▶ What is being asked
Please give back, exactly as written, the lines from the line with "I decided that" to the line with "Interesting work in" in the listing below, leaving out all pictures.

▶ Data provided
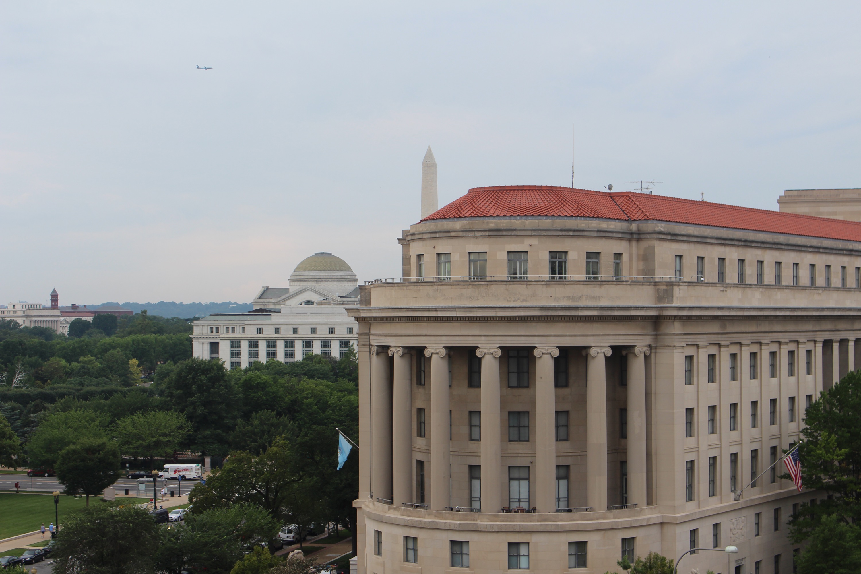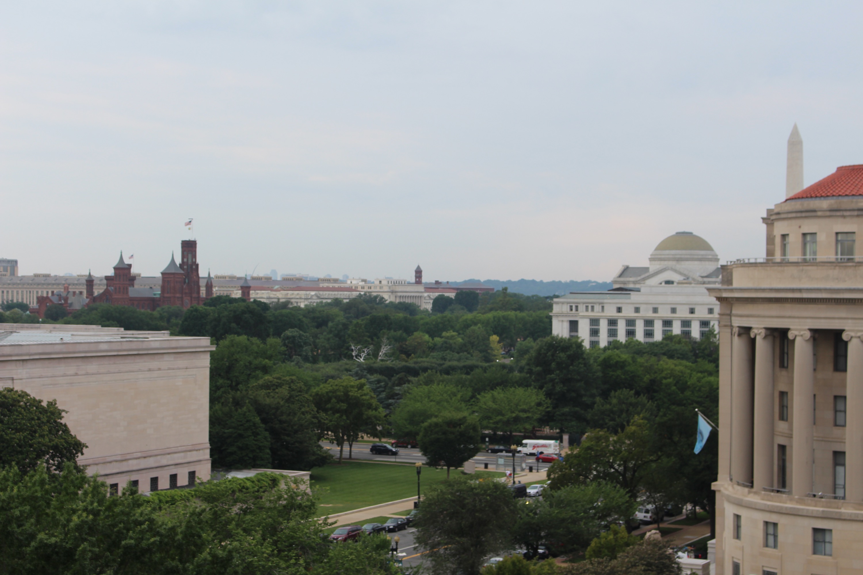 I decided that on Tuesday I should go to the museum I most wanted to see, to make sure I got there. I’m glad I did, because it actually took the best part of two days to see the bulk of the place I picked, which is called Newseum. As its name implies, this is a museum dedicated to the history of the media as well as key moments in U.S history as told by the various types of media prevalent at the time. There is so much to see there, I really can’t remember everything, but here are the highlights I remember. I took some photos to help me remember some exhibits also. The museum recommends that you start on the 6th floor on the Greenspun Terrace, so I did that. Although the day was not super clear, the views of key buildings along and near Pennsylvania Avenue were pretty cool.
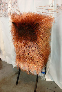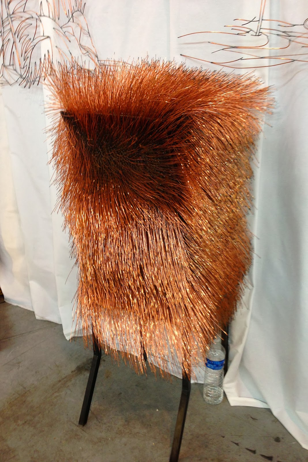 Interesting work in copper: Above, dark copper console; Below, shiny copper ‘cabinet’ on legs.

...

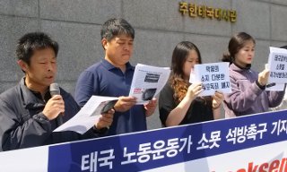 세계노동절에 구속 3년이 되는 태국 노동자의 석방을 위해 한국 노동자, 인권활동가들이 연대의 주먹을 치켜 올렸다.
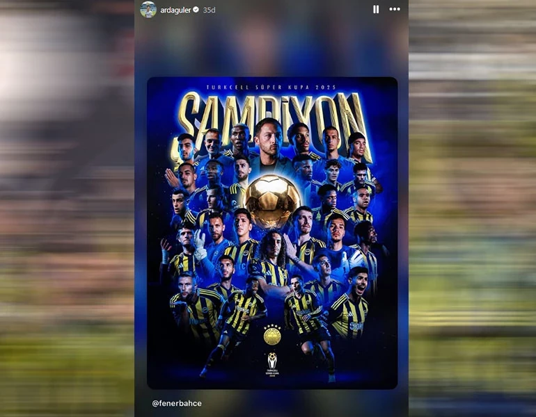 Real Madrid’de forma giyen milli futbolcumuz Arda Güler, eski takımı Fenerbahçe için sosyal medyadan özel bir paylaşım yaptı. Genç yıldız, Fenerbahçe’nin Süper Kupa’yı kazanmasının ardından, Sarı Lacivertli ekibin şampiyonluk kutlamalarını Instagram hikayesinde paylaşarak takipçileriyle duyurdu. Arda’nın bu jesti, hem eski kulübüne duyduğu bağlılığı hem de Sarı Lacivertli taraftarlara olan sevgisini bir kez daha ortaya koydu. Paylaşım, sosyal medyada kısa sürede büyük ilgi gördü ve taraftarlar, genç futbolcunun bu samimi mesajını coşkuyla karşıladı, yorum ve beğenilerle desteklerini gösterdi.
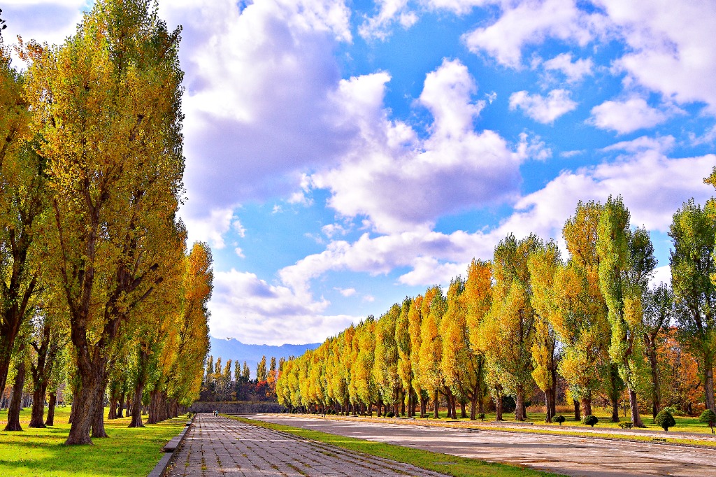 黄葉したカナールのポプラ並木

▶ Response
 I decided that on Tuesday I should go to the museum I most wanted to see, to make sure I got there. I’m glad I did, because it actually took the best part of two days to see the bulk of the place I picked, which is called Newseum. As its name implies, this is a museum dedicated to the history of the media as well as key moments in U.S history as told by the various types of media prevalent at the time. There is so much to see there, I really can’t remember everything, but here are the highlights I remember. I took some photos to help me remember some exhibits also. The museum recommends that you start on the 6th floor on the Greenspun Terrace, so I did that. Although the day was not super clear, the views of key buildings along and near Pennsylvania Avenue were pretty cool.
 Interesting work in copper: Above, dark copper console; Below, shiny copper ‘cabinet’ on legs.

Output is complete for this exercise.